OK, this book was pretty charming. I’ve read the Gemma Doyle trilogy, and while I felt that series suffered from quite a few problems, Bray does have some skill with language and characterization (with sensitivity to complex historical forces as represented in fiction, not so much). I was a little wary because this is another historical fantasy, but fortunately there are no uncomfortably exploitative characters here (I mean, not yet, anyway). It’s set in the roaring 20s, and the protagonist, Evie, is a straight up Thoroughly Modern Millie–or, she wants to be. She has the power of psychometry (the ability to tell truths about people after touching their personal possessions) and she gets sent away to the Big City when this little party goes awry one night. So much the better–Evie is excited to get out of her ho-hum town and make a name for herself. Unfortunately, her plans are complicated by the emergence of a dreadful serial killer, a force of darkness who loves ritual murder and Bible-flavored portents. Only Evie and people like her–that is, Diviners–can stand against him.

A boy named Memphis is the deuteragonist; he once had the power to heal, but no longer, though he still gets fucked-up dreams. He looks after his brother Isaiah (who has some Stuff Going On as well), spends time running shady errands for a shady club owner, and generally tries to keep out of trouble. As with Evie, he’s a likable character, sympathetic and interesting. Everybody here is pretty likable, aside from the horrific murderous spirit unleashed by some anonymous, ill-advised Ouija time, of course. Memphis befriends a chorus girl named Theta with troubles (and powers) of her own, while Evie goes to live with her stuffy Uncle Will and his–assistant? protege? Science experiment?–Jericho. Jericho’s a scholarly type, withdrawn and serious, and of course totes attracted to Evie. There’s the beginning of the usual love geometry trouble here, because Evie’s BFF likes Jericho, but he’s clearly into Evie, as is the roguish thief, Sam. Because there’s always the Upright Guy and the Bad Boy in these things, you know, it’s a law somewhere, I think.

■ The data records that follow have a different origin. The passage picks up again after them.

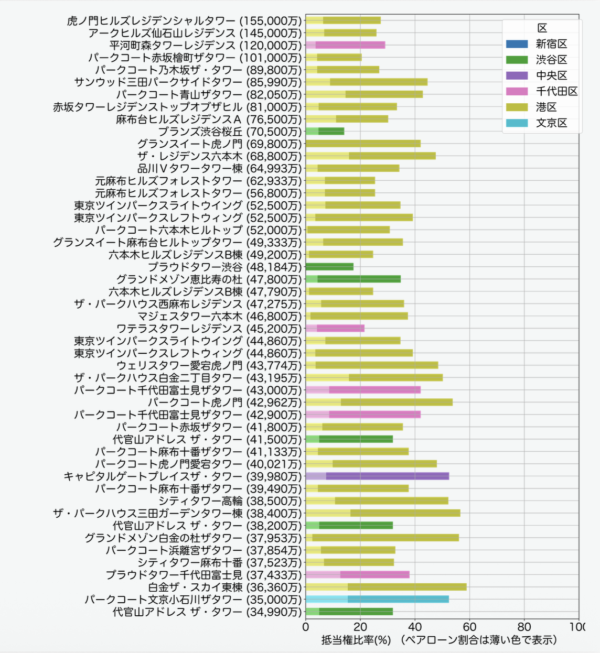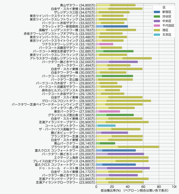 一方、参考価格2〜3億円台になると抵当権設定率が60%を超える物件も現れ、価格帯が下がるほどローン利用率が高まる傾向が確認された。港区の物件が上位価格帯に集中していた一方、参考価格1億円台後半〜2億円台前半では中央区・新宿区などの物件が多く見られ、より高い抵当権設定率を示していました。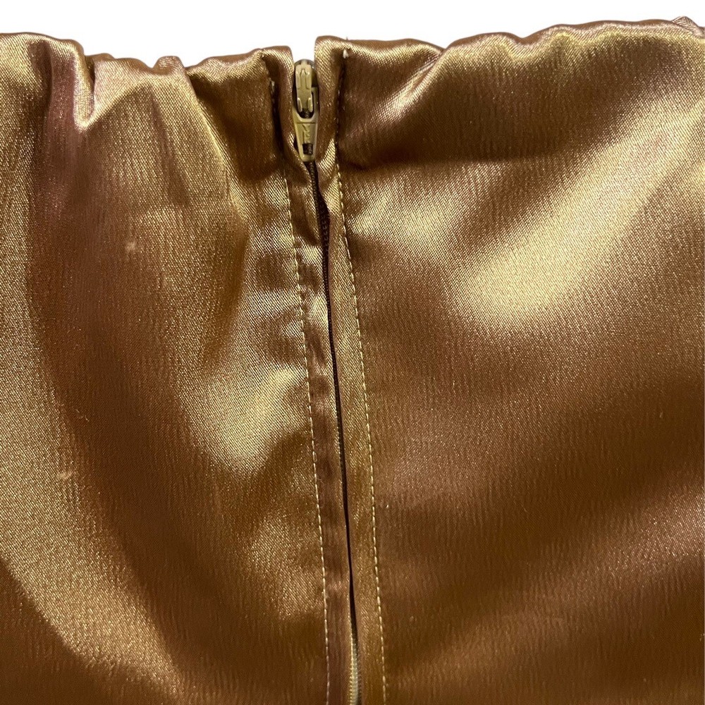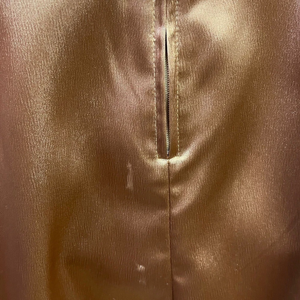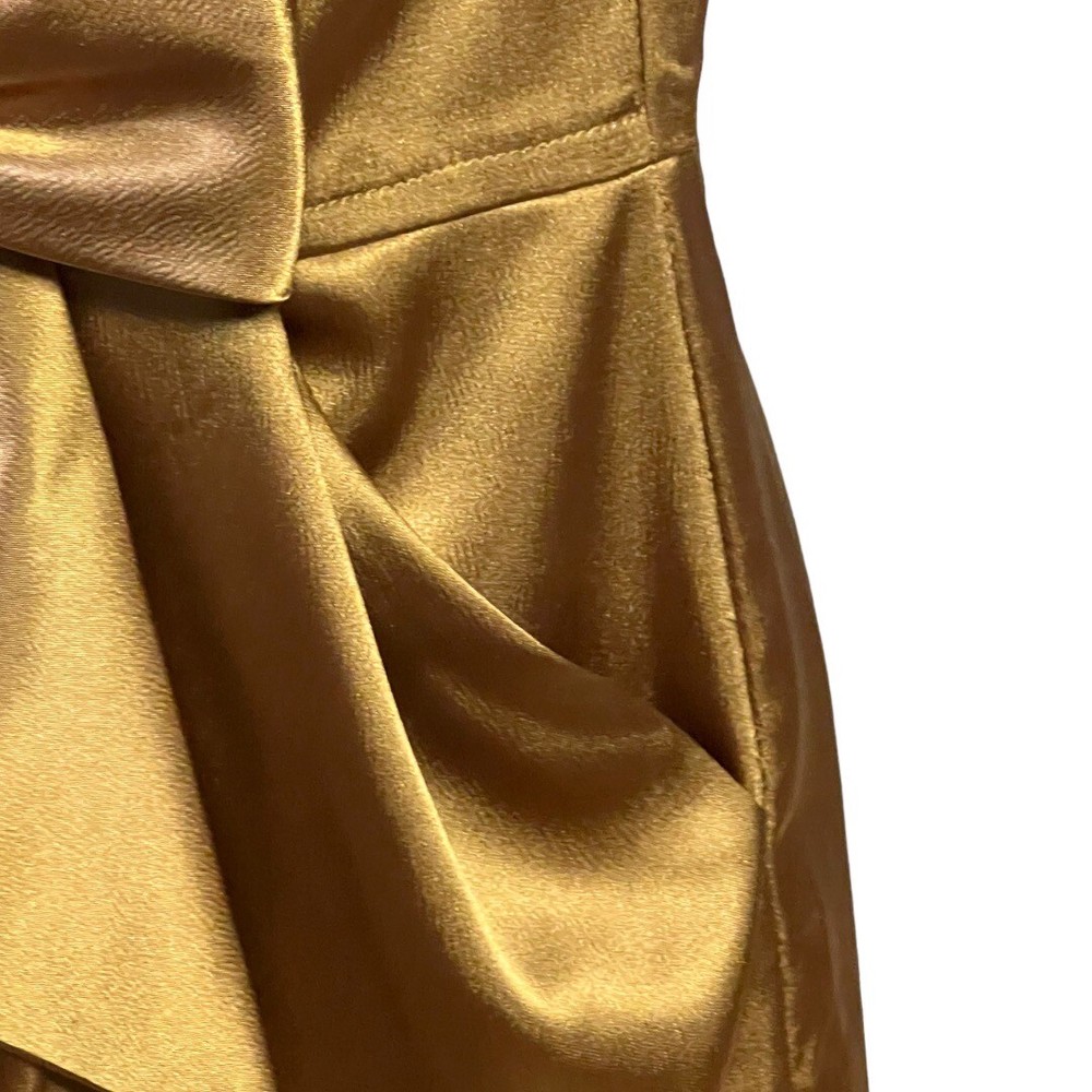 This dress is absolutely stunning! The gold satin fabric has a luxurious sheen, and the sweetheart neckline with the bow detail adds such a chic, feminine touch. It fits like a dream—flattering and comfortable. Perfect for a night out or a special occasion. The preowned condition is great, just as pictured. Love it!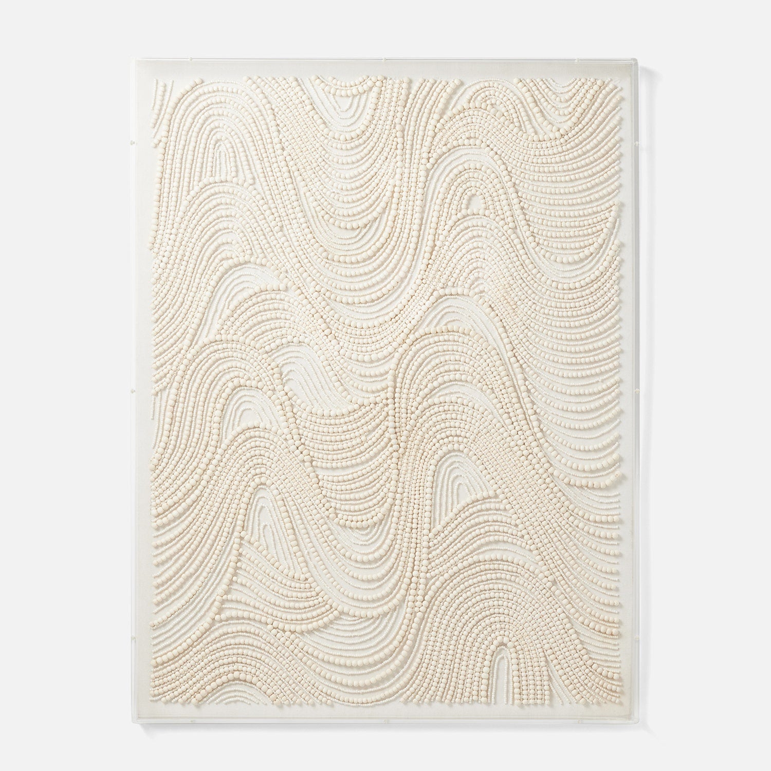 💡Design and Materials: A stunning piece of art characterized by its elegant design and high-quality materials. The design features undulating waves created from matte wood and pearlescent white glass beads, meticulously hand-beaded onto a simple white canvas. The combination of these materials adds both neutral versatility and a touch of glamour to the artwork. To preserve its beauty and durability, the entire piece is encased in clear acrylic, adding a contemporary touch while ensuring longevity.

Happily, the story focuses primarily on the mystery at hand, both with regard to the murders and to the revelations of everybody’s Weird Secret Power. Ultimately, it’s mostly Evie who does all the work (Jericho helps) in taking out the villain, which felt a little unsatisfying. Though Memphis and Evie do cross paths, they don’t really come together in any significant way. This disappoints because it feels like that’s what the story was going for–i.e., a slow unveiling of all the players involved, their abilities, their relationships, and then how those powers / circumstances would intertwine against this menacing evil. However, only Evie has a major role to play, in the end, and I was left a little cold by that. The last few chapters foreshadow a sequel, so I hope that means we’ll get a little more of everybody and how they might all work together in the second round.

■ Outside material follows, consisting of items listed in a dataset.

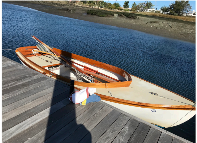 1978 Herreshoff Dough Dish 15 foot wooden SV Missing from Admirals Hill Marina, Chelsea, Massachusetts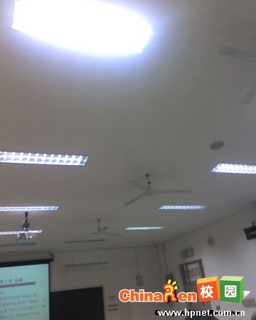 一层共有12间教室,1间没有被启用;1间是拉着窗帘关着灯,老师开着幻灯片(背景是深色,所以大家都可以看得清楚);剩下10间,有的屋里只有1-2人上自习,可是灯全开着,窗帘也都全拉开的(更可气);有的是拉着窗帘,开着灯。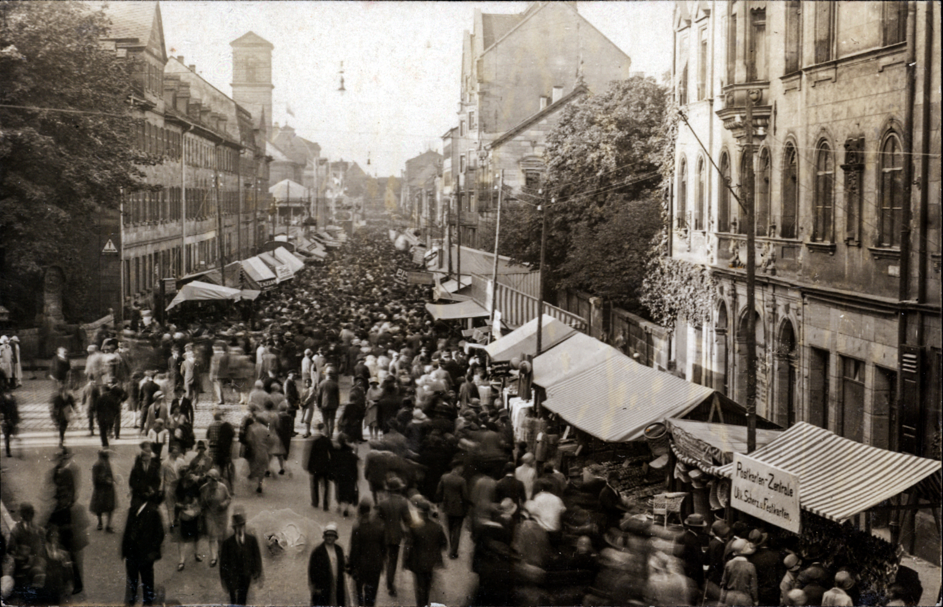 | Beschreibung | Gruß von der Fürther Kirchweih, historische Ansichtskarte mit Blick in die Nürnberger Straße, um 1910 | ||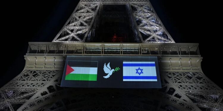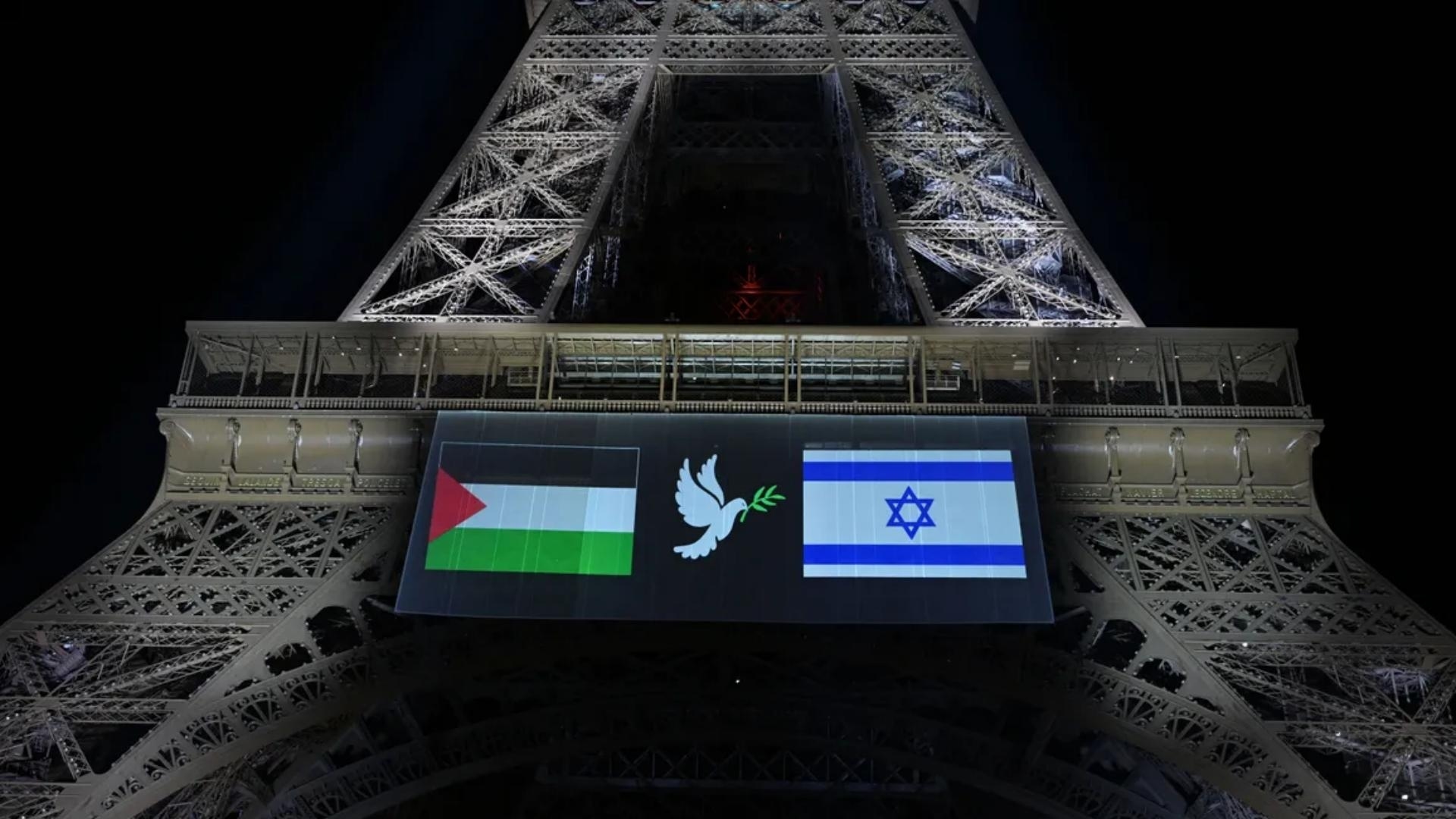 Ֆրանսիայի կողմից Պաղեստինի պետականության ճանաչումից առաջ Փարիզի իշխանությունները Պաղեստինի և Իսրայելի դրոշներ են տեղադրել Էյֆելյան աշտարակի վրա։ Երկու երկրների դրոշների միջև պատկերված է սպիտակ աղավնի։

2 thoughts on “miscellany #1”

  1. I actually just finished the Diviners sequel – I liked it better than the first because all of the various characters DO finally come together and we get to see a lot more of the relationships between them. The anchor character switches from Evie to Henry with Memphis continuing to get built up in the background and then everyone banding together. It’s still long (maybe a tiny bit overstuffed) but I ended it with a MUCH clearer sense of which character was doing what and why than I did with the first one. (I think it’s #2 of a planned quartet but can’t swear to it.)